From the line containing "Women's Autumn Winter" to the end of the records below, both included, every line should be repeated exactly; pictures should be dropped.

*-*-*

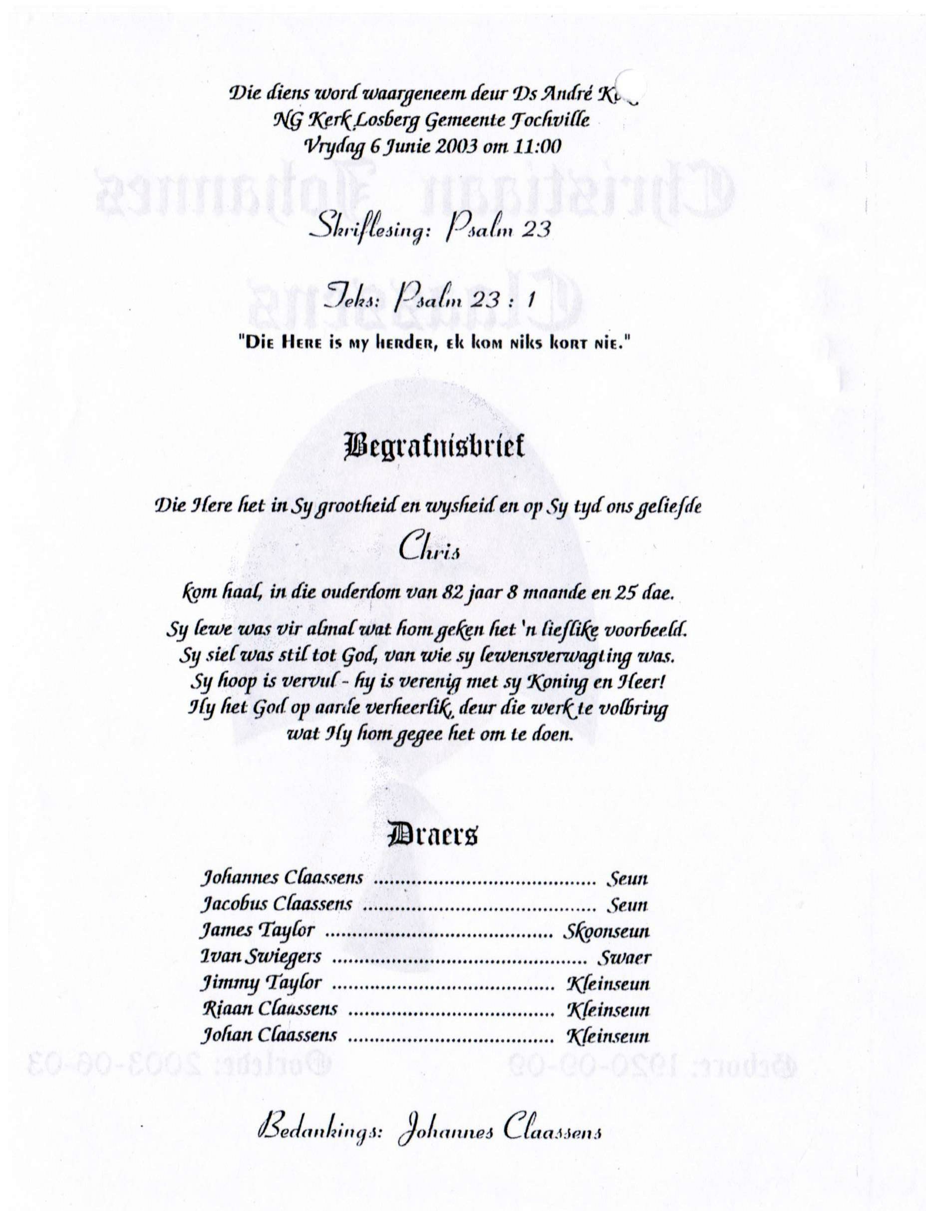 Volgens E-mail ontvang vanaf Lourens De Jager gedateer 20260118 die volgende addisionele info: Goeiedag Hendrik, Ek heg die begrafnisbrief van Christiaan Johannes(Chrisjan) CLAASSENS aan. Hy was die seun van Jacobus William (Koos) CLAASSENS (2 Aug 1897- 16 Mei 1978) en Regina Catharina (Katriena) KLEYNHANS(4 Mrt 1901- 3 Apr 1983). In die CLAAS(S)EN geslagsregister (bl.697) is hy gelys as: A2b4c10d1e4f5g5h4i1 (nommer 16251) (Claassen, N. & Claassen,G.H. Die Claas(s)en afstammelinge in Suid-Afrika. 2001). Hy is op 10 Mrt 1943 te Brits getroud met Alida Johanna(Alida) SWIEGERS. Vriendelike Groete, Christiaan Lourens (Lourens) de Jager
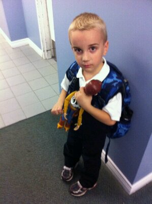 In honour of meet the teacher night at Jacob’s school I’ve decided to use a picture of Jacob headding off to school. It was weird client scheduling of today that let me get home in the middle of the day and take such a cute picture of our little school boy.
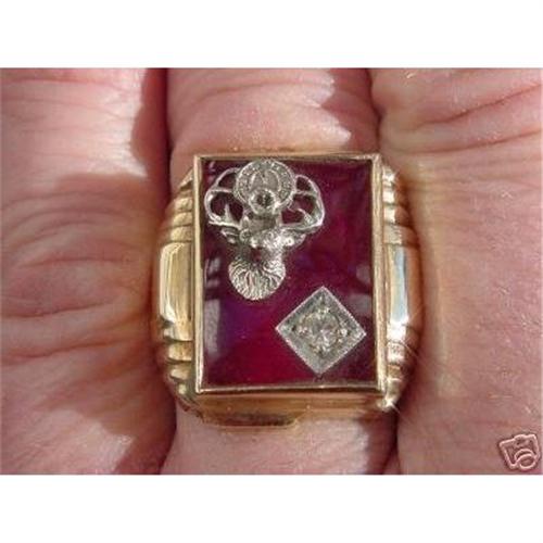 10K Gold Elks Fraternal Ring w/ 2 Diamonds on Cranberry Glass, Size 9 1/4, Metric Size 61, excellent condition. Shipping cost will be the USPS estimate + insurance to be sent in invoice after purchase is made.
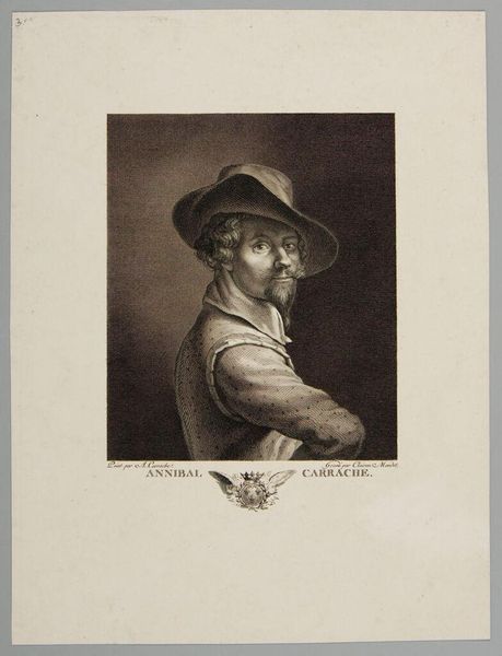 Editor: So, this is "Annibale Carracci" by E. J. Glairon-Mondet at the Harvard Art Museums, a small print. There's a real dramatic flair to the lighting. What's your read on its historical context? Curator: The inscription tells us a lot. It references the Palais Egalité, formerly the Palais Royal, suggesting it was made during or after the French Revolution when notions of equality were being publicly promoted. Editor: Interesting! So, this image, though depicting an Italian artist, was circulating within a specific political climate in France? Curator: Precisely! The "École de Lombardie" further emphasizes a regional artistic identity, aligning Carracci with a particular lineage valued in that moment. It's about claiming cultural heritage within a revolutionary context. Editor: I hadn't considered the political implications of that inscription. Thanks! Curator: My pleasure. Thinking about the public role of art really shifts our perspective.
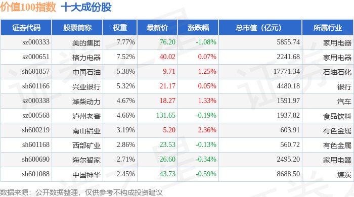 证券之星消息,11月7日,价值100(980081)指数报收于4454.5点,涨0.48%,成交718.82亿元,换手率1.03%。当日该指数成份股中,上涨的有63家,海陆重工以10.02%的涨幅领涨,下跌的有36家,苏美达以4.69%的跌幅领跌。
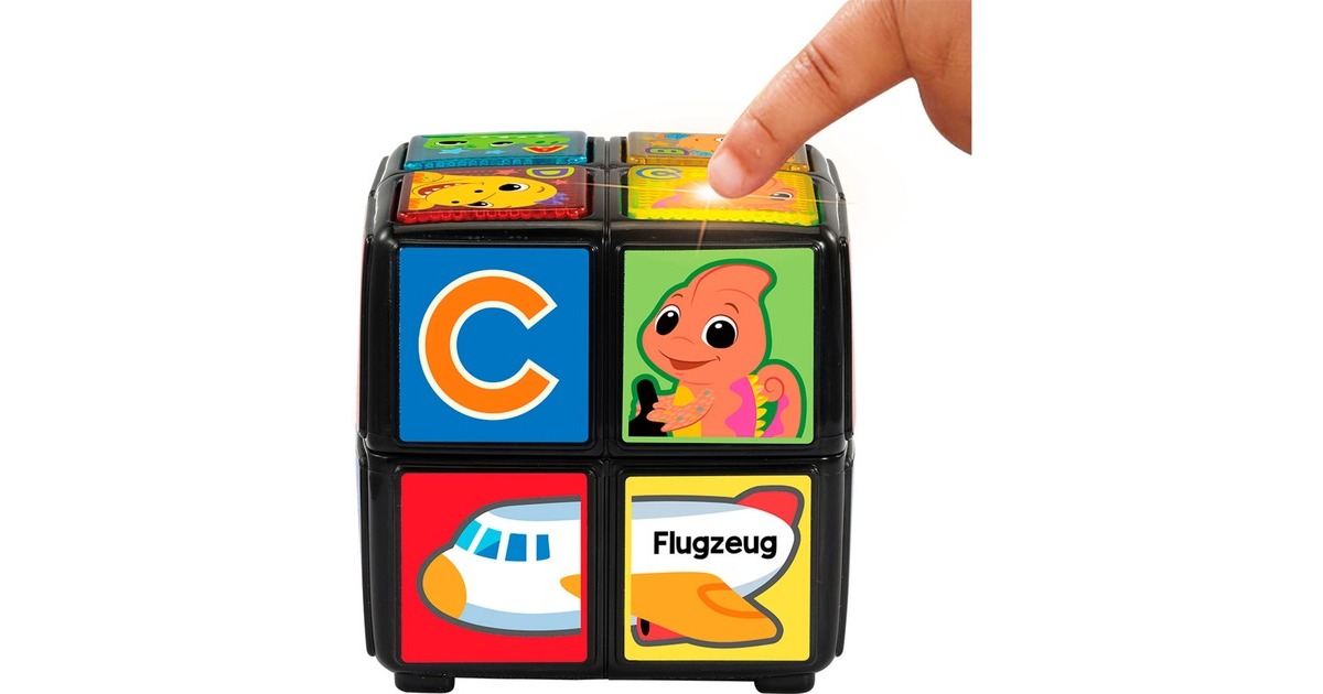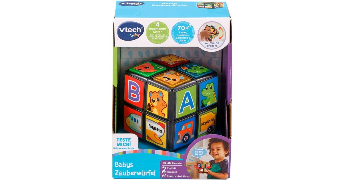 Drehen und lernen mit Babys Zauberwürfel! Dieser leuchtende Würfel bringt den Kleinsten ab 18 Monaten einfache Sätze bei. Wird der Würfel, sind viele verschiedene Kombinationen an Tierfreunden und Fahrzeugen möglich. Damit fördert er die motorischen Fähigkeiten, die Hand-Auge-Koordination und das logische Verständnis.Art.-Nr.: 1895996
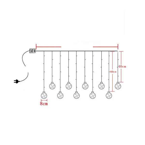 Сферичен Дизајн: Светлечките топки додаваат волумен и текстура на декорацијата, создавајќи елегантен висечки ефект.
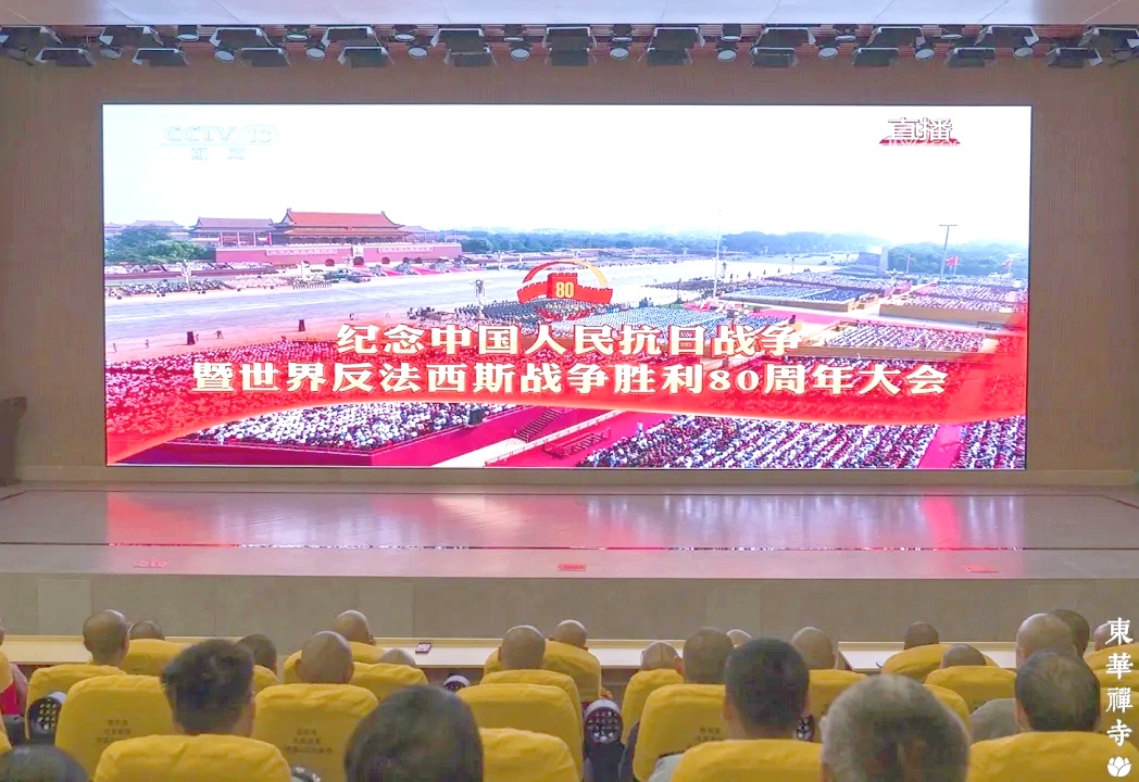 9月3日上午,東華禪寺組織全體常住在文博館禮堂觀看「紀念中國人民抗日戰爭暨世界反法西斯戰爭勝利80周年」閱兵儀式實況直播。
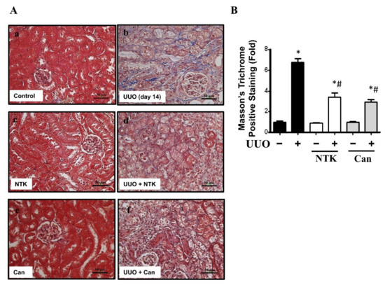 Effects of Nootkatone treatment on the collagen deposition in the kidneys of UUO mice. Vehicle, Nootkatone (NKT), or candesartan (Can; positive control) was orally given to the sham or UUO mice for 14 days. Collagen deposition was determined by Masson’s Trichrome staining (A). a, Control; b, UUO; c, NTK; d, UUO+NTK; e, Can; f, UUO+Can. Scale bar: 50 μm. The quantification is shown in (B). Data are presented as mean ± SD (n = 6). * p < 0.05 vs. the sham control group. # p < 0.05 vs. the UUO group.
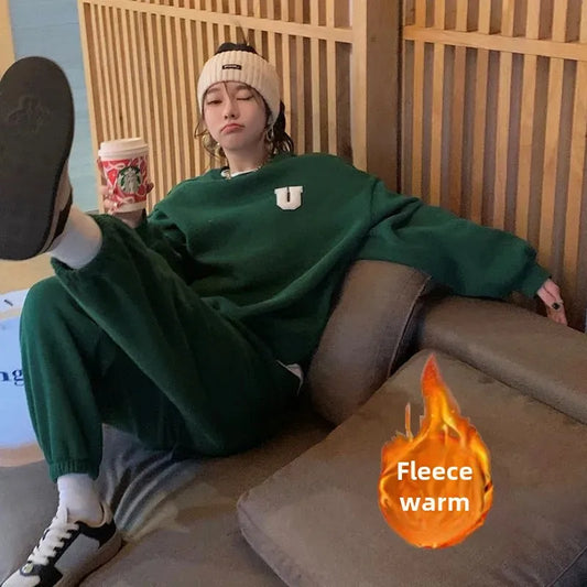 Women's Autumn Winter New Style Loose Fit Fleece Lined Thickened Casual Fashion Sports Suit Sweatshirt Trousers 2-piece Set
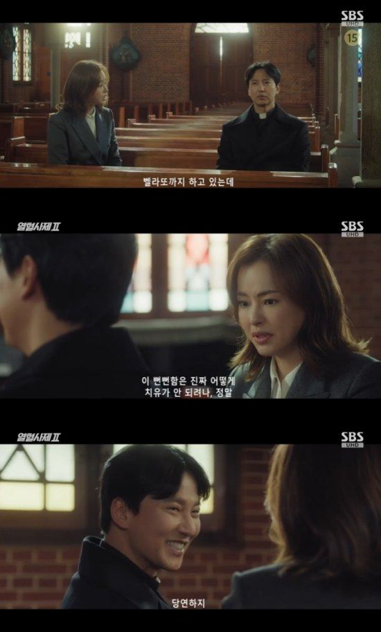 15일 방송된 SBS 금토드라마 '열혈사제2' 3회에서는 다발성 경화증 진단을 받은 김해일(김남길 분)을 걱정하는 박경선(이하늬)의 모습이 그려졌다.

*-*-*

§ **RESULT FOR THIS EXERCISE**
 Women's Autumn Winter New Style Loose Fit Fleece Lined Thickened Casual Fashion Sports Suit Sweatshirt Trousers 2-piece Set
 15일 방송된 SBS 금토드라마 '열혈사제2' 3회에서는 다발성 경화증 진단을 받은 김해일(김남길 분)을 걱정하는 박경선(이하늬)의 모습이 그려졌다.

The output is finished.